The priest, Dekkar, appeared to be twisted in the most horrid shape, and it looked as if his arms were broken; but there was something wrong with the space around him, and his image was not altogether clear. He was silent, voiceless, his face puckered in a way that made Keely queasy as he watched.
A lot of shadows flew into the room and took a form, first a funnel pouring down into a tight spiral, then a man with slick, dark hair, a wide mouth, and sharp teeth that looked like needles at the tips. He had a body like Keely’s pop-together superhero, and he wasn’t wearing anything, showing his privates like a jackass, the way Sherry used to say about naked people in the Reeks. Sherry was his sister, whom he could only remember at times and in pieces. But in the case of this toothy man, the teeth made him look hard and his eyes make him look harder, all black like buttons. “I headed south as soon as you called,” he said. He was speaking a language based on the math box sounds; Keely could understand most of it, though it made his head hurt. The size of the man-thing’s teeth made his voice sound funny.
He was watching Nerva with a strange look in his eyes.
“You’re a welcome sight,” she said, speaking the same language.
The man-thing leaned over Uncle Figg and sniffed him with flared nostrils, slowly and carefully, all over the face. Uncle Figg held still as if he were in somebody’s grip. Nerva was still using the voice on the priest, who was on the floor and looked like he was movie dead or vid dead, sprawled with his legs tangled, not breathing.
“You made good time,” said the man-thing. “Your candidate is only the third to arrive.”
“He’s a good recruit, this one,” Nerva said, running a finger through Keely’s hair. He wanted to pull away from her but knew better. “He’s up to level six on the math box.”
“Six?”
“For his age, that’s impressive.”
“The God Rao will be pleased. I know I am.”

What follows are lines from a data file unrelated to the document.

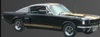
1966 Ford GT350H
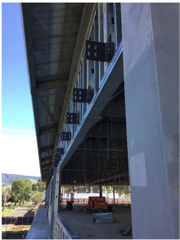
Aluminum Angles for Exterior Shadefins
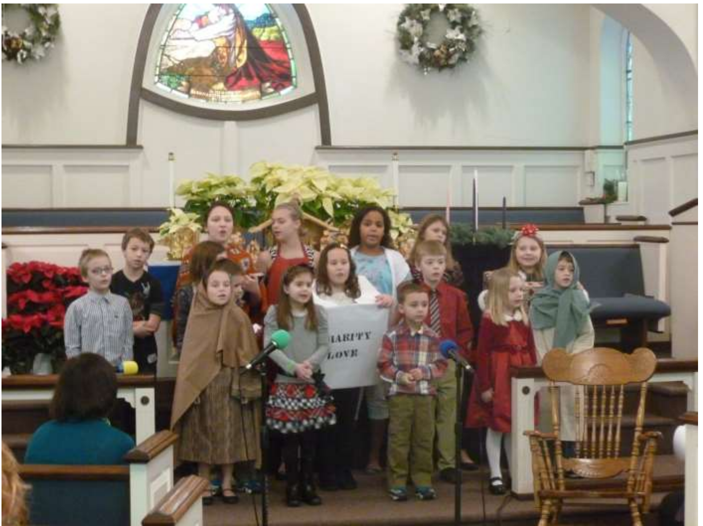
Children's Christmas Play: December 22, 2013 "A Christmas Hide and Seek"
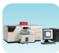
Atomic Absorption Spectrophotometer
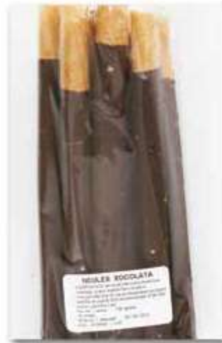
Neules Chocolate 10 u/bag - approx. 120g 27 bags/box Ref. FA30
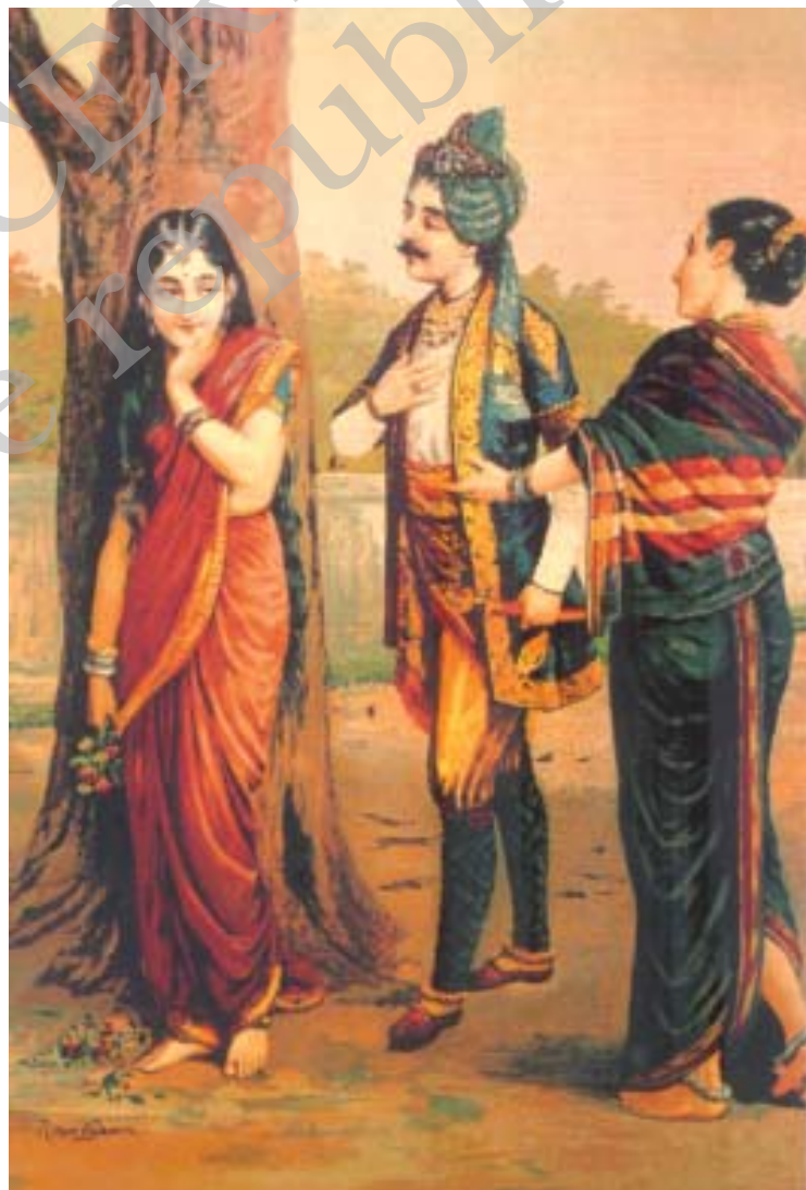
Fig. 17 – Raja Ritudhwaj rescuing Princess Madalsa from the captivity of demons, print by Ravi Varma. Raja Ravi Varma produced innumerable mythological paintings that were printed at the Ravi Varma Press.

By the 1870s, caricatures and cartoons were being published in journals and newspapers, commenting on social and political issues. Some caricatures ridiculed the educated Indians' fascination with Western tastes and clothes, while others expressed the fear of social change. There were imperial caricatures lampooning nationalists, as well as nationalist cartoons criticising imperial rule.
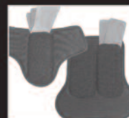
ADJUSTABLE WEIGHTED LINERS AVAILABLE
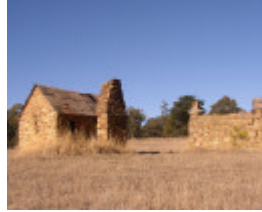
h01743 1 stone cottages blakeley road barkers creek cottage both she project 2004
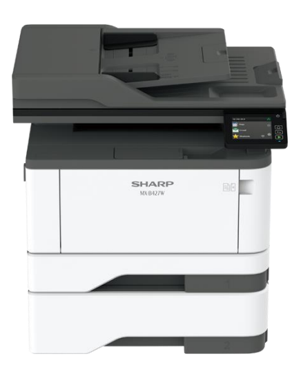
MX-B427W shown with optional accessories
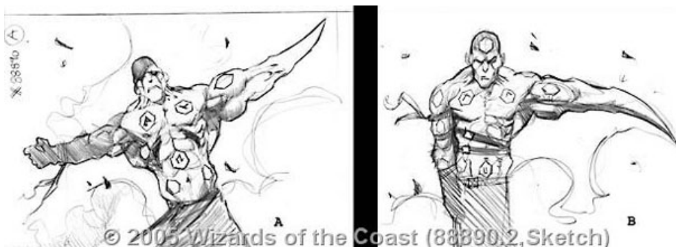
Sketches by Paolo Parente
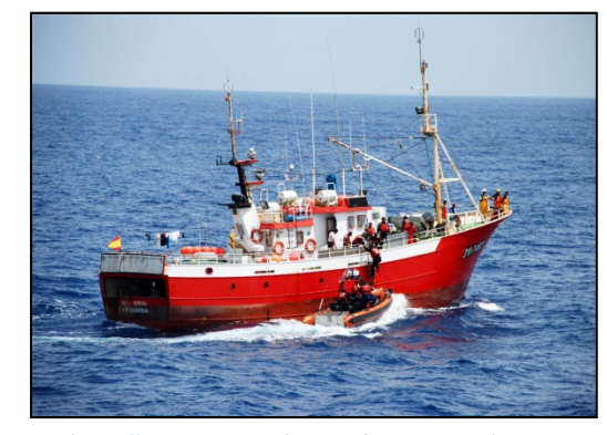
A boarding team made up of crew members from U.S. Coast Guard Cutter Legare (WMEC 912) and representatives of the Cape Verde Coast Guard and Judiciary Police approach a fishing boat during boarding operations in the Atlantic Ocean Sept. 3, 2009.

broader development. To support this, the Joint Force will continue to build partner capacity in Africa, focusing on critical states where the threat of terrorism could pose a threat to our homeland and interests. We will continue to counter violent extremism in the Horn of Africa, particularly Somalia and the Trans-Sahel. We will work in other areas to help reduce the security threat to innocent civilians. We must identify and encourage states and regional organizations that have demonstrated a leadership role to continue to contribute to Africa's security. We will help facilitate the African Union's and the Regional Economic Communities'
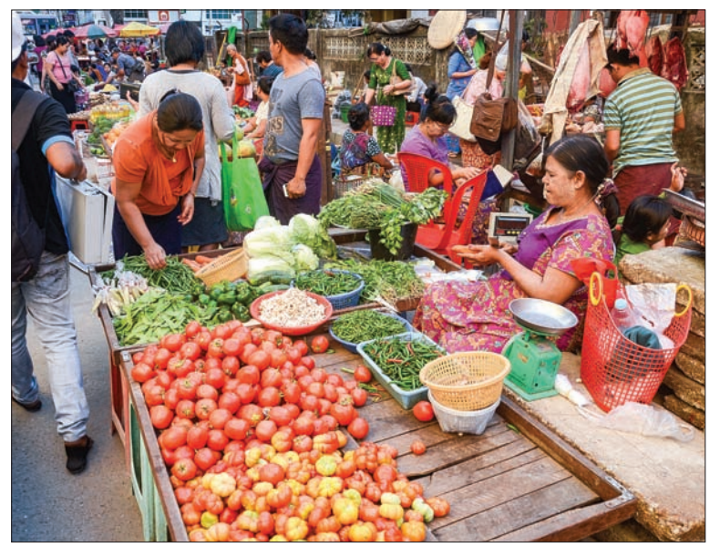
A vendor sells vegetable in Yangon.

We welcomed an initiative launched recently by IFC, a member of the World Bank Group, to help food producers
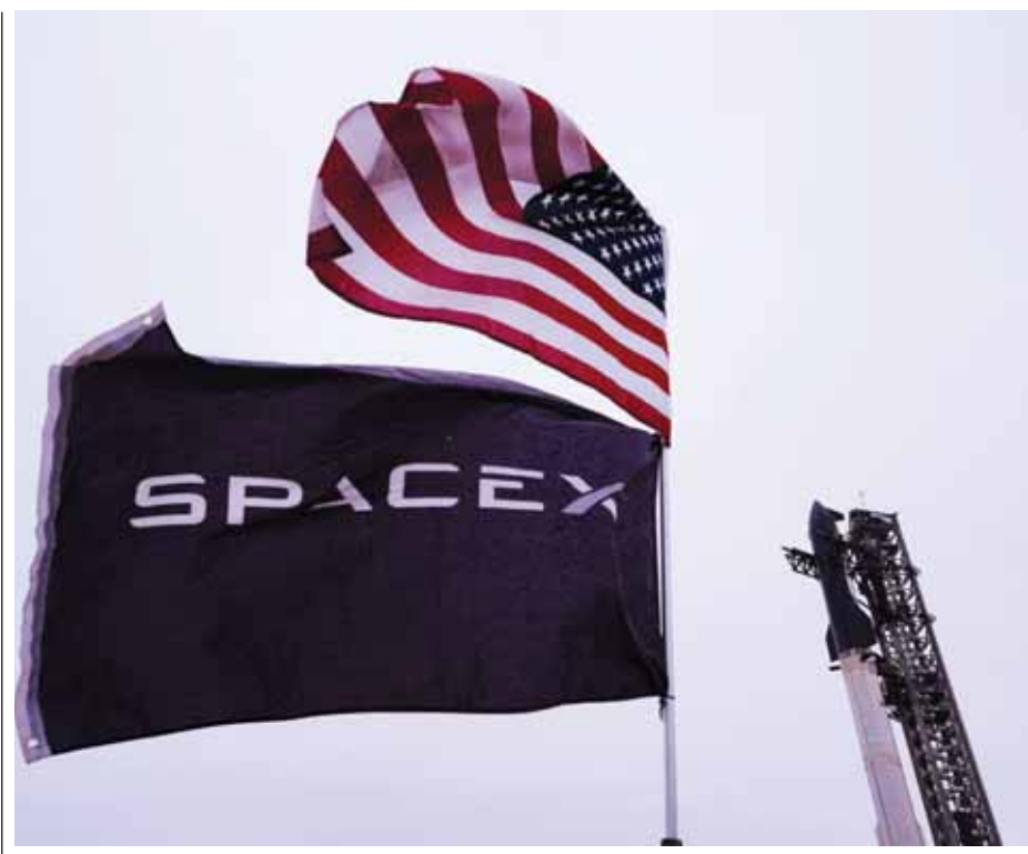
SpaceX's mega rocket Starship is prepared for a test flight from Starbase in Boca Chica, Texas, Sunday.
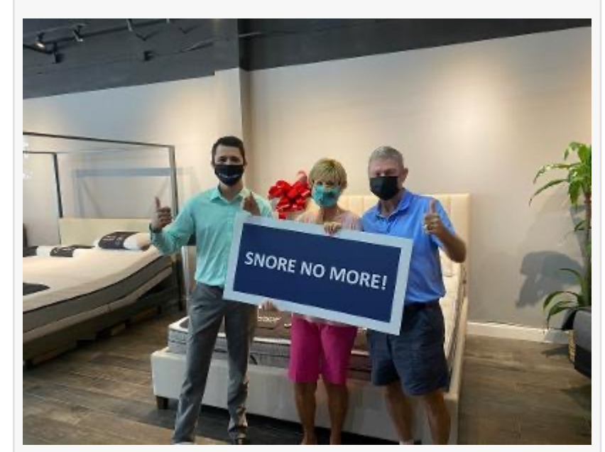
We Love Our Customers

For over 53 years Relax in Comfort has helped people to sit, sleep and feel better every day and our mission remains to help people live a more comfortable place!
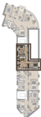
PODLAŽÍ / FLOOR
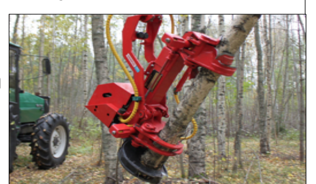
Naarva S23 stroke harvester
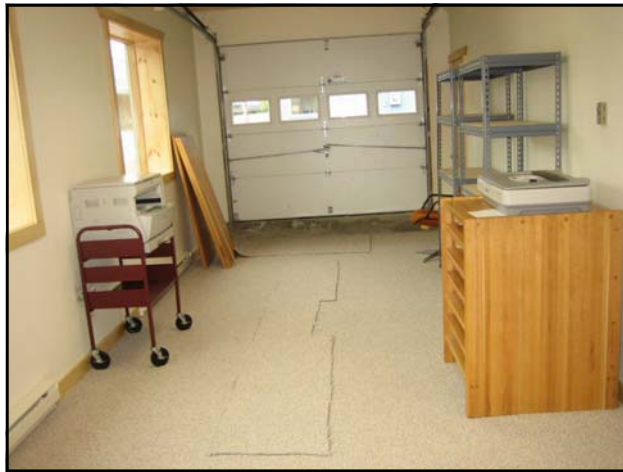
Above: loading door, Below: photo's of our newly renovated workspace across from the History Museum.
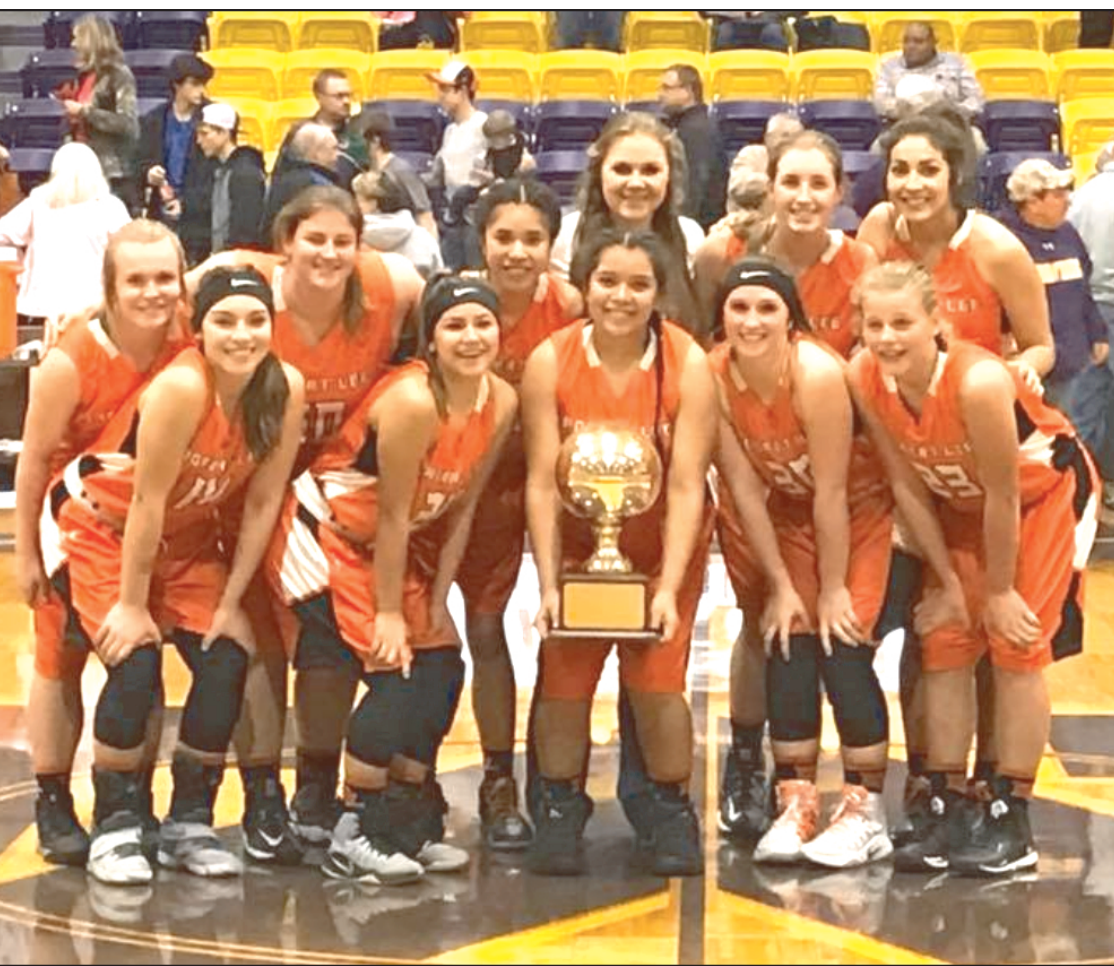
Lady Steers! The Robert Lee Lady Steers took the Bi-District championship by defeating the Rotan Yellowhammers 60-29 on February 14, 2017. This year's playoff run ended when the Lady Steers were defeated by the May Lady Tigers during the Area Round of the playoffs, 50-61.
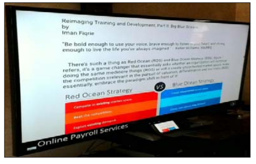
Figure 1 - 65 inch screen TV and Smart Phone
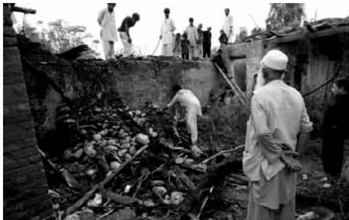
Afghans inspect a damaged house after a drone crash in Jalalabad, 21/08/11

So it comes as no surprise that Britain is now fully engaged with both cuts in defence spending and developing armed drones. As well as cancelling various contracts and plans, the British Army will be reduced from a total of 196,150 personnel in 2006 to just over half that amount now, and no more than 82,000 in 2020. At the same time, more drones are on order (we currently use the US-made Reaper and Predator drones), although if the MoD decides on the BAE Systems Mantis model, we can be assured they will come in over budget and delivered late - and probably not work very well. From having our drone pilots (39 Squadron) operating from Creech, Nevada and practicing on Israeli drones flying over Gaza, another squadron will operate from RAF Waddington near Lincoln, prompting the setting up of a peace camp at the base's gates ( see below ).
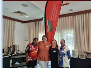
Quality and Safety Training Workshop was held in Darwin on 10 and 11 October 2023.
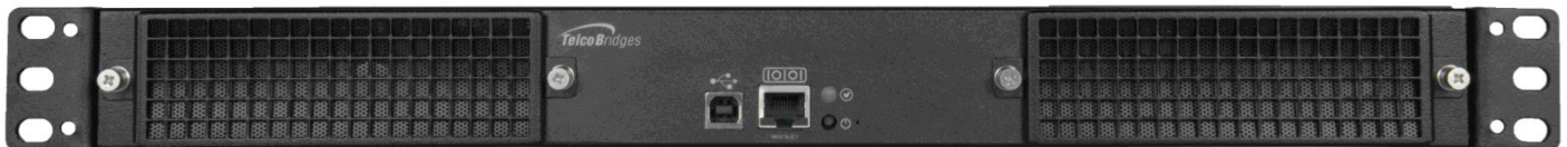
Tdev TMP6400 (front view)

Operating temperature: 0 to +70 °C, 95% rel. hum. non-condensing Storage temperature: -10 to +85 °C, 95% rel. hum. non-condensing Designed to meet NEBS Level 3 RoHS compliant
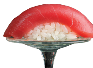
MAGURO 2 tuna
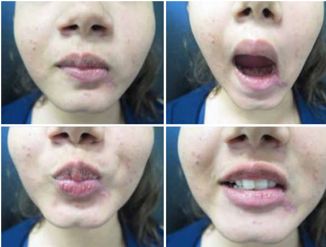
FIGURE 4: Paciente avaliada após 1 ano do procedimento com bom resultado funcional

structures. The majority is asymptomatic; however, due to its significant regional growth, it can compress or compromise other structures, organs, or the functionality of the affected region. 13,14
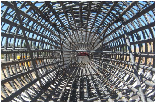
East Bypass Project in Sonora, CA

Alta Vista Solutions (Alta Vista) is a client-based engineering firm that focuses on solving problems to keep projects moving forward.
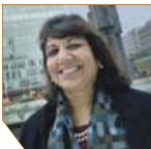
Kiran Mazumdar Shaw CEO, Biocon India

"Of the nearly 50,000 doctors of Indian origin in America, more than 2,000 are from KMC."
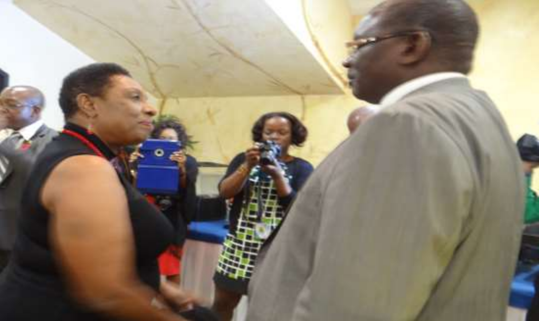
Four local entities (UNESCO Clubs, JCDC, UWI, JNC-UNESCO-MAB) received their grants funded through the UNESCO Participation

Programme. The grants are to carry out projects in the areas of music, gender, youth development and science. The cheques were presented by Hon. Minister Grange.
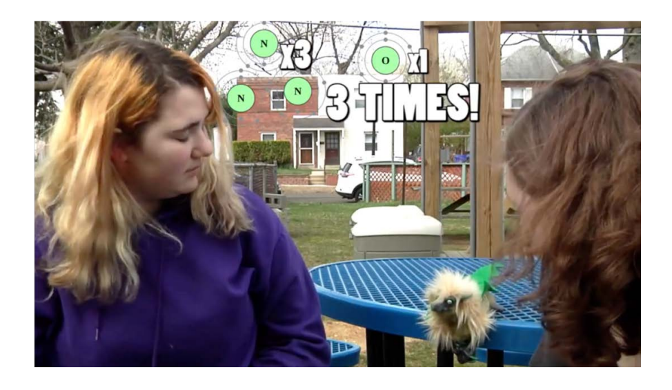
Video Link- NASA Spotlite: Composition of Earth's Atmosphere NASA eClips Website - https://nasaeclips.arc.nasa.gov/spotlite/earths-atmosphere/earths-atmosphere NASA eClips YouTube - https://youtu.be/e-wYfLpRl3U

Next, you will watch a short video about Earth's atmosphere. As you watch the video, pay close attention to any new vocabulary.
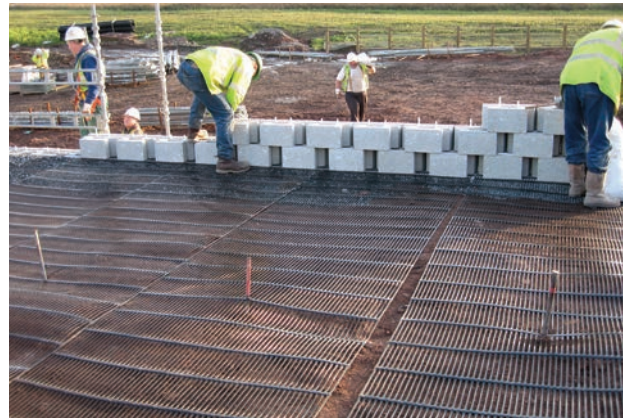
The TensarTech™ TW3 Wall System can be built without cranes or propping.
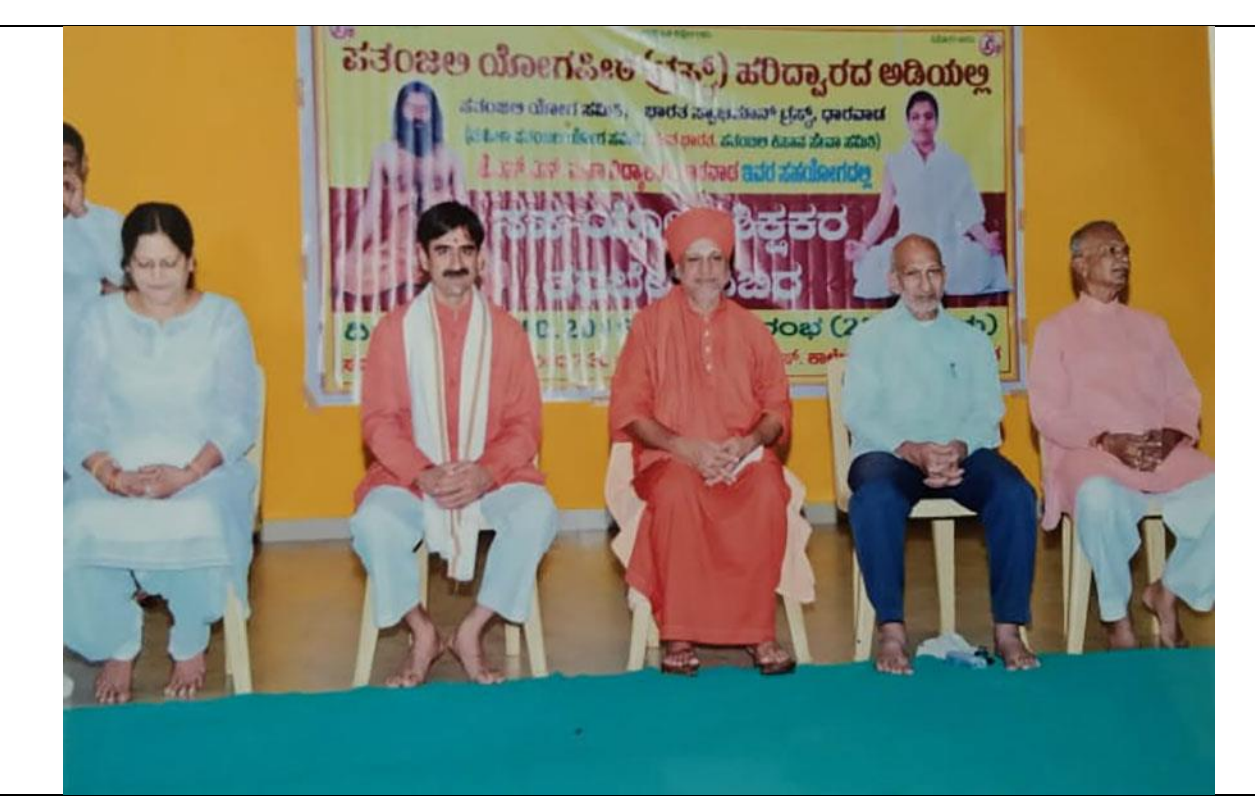
Patanjali Yoga Trust Haridwar and JSS Institution organized the Yoga Program by Sahayoga Teachers' Training camp.
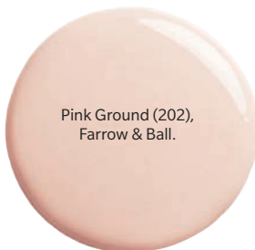
Pink Ground (202), Farrow & Ball.

LEFT: From top: Kalos Emb GWF-3301 in Pink/Sage by Groundworks, Lee Jofa; Kohana in Camellia, Roma.
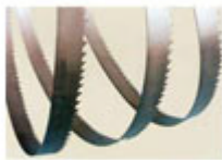
BIMETAL BANDSAW BLADE & CARBIDE TIPPED BANDSAW
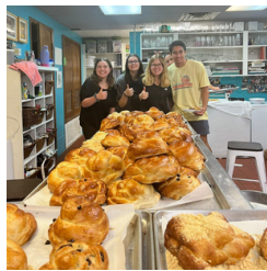
ROSH HASHANAH CHALLAHS

The man-thing walked toward Nerva, touched her like he liked her. She moved toward his hand pliantly, and something sickening happened along her body, as if the skin had become unglued and her edges blurred. The look on her face was young like a girl. The man-thing looked down at Uncle Figg. Now the creature was speaking in Alenke, his accent heavy but understandable. “Which of my appetites do I satisfy first?” he asked, grinning, those needle-teeth splaying a bit, and Uncle Figg started to shake. “Do I eat you or do I have sex with my friend here? What do you think?”
After a while Uncle Figg said, in a forced voice, “Go for the sex.”
The man-thing laughed and moved toward him, mouth opening. Keely’s heart started to pound and he tried not to watch but could scarcely stop himself. The man-thing opened the mouth wide, impossibly wide and pressed those needle teeth partway into Uncle Figg’s face, all around the edges of it, that’s how wide the mouth opened. Blood poured down Uncle Figg’s face and neck. He shuddered, his legs thumping the floor. The man thing drew out the teeth again and licked the blood with a long, pointed tongue. The blood slowed then, but continued to ooze. Uncle Figg was shuddering and shivering. The man-thing drew back. “Just a taste,” he said.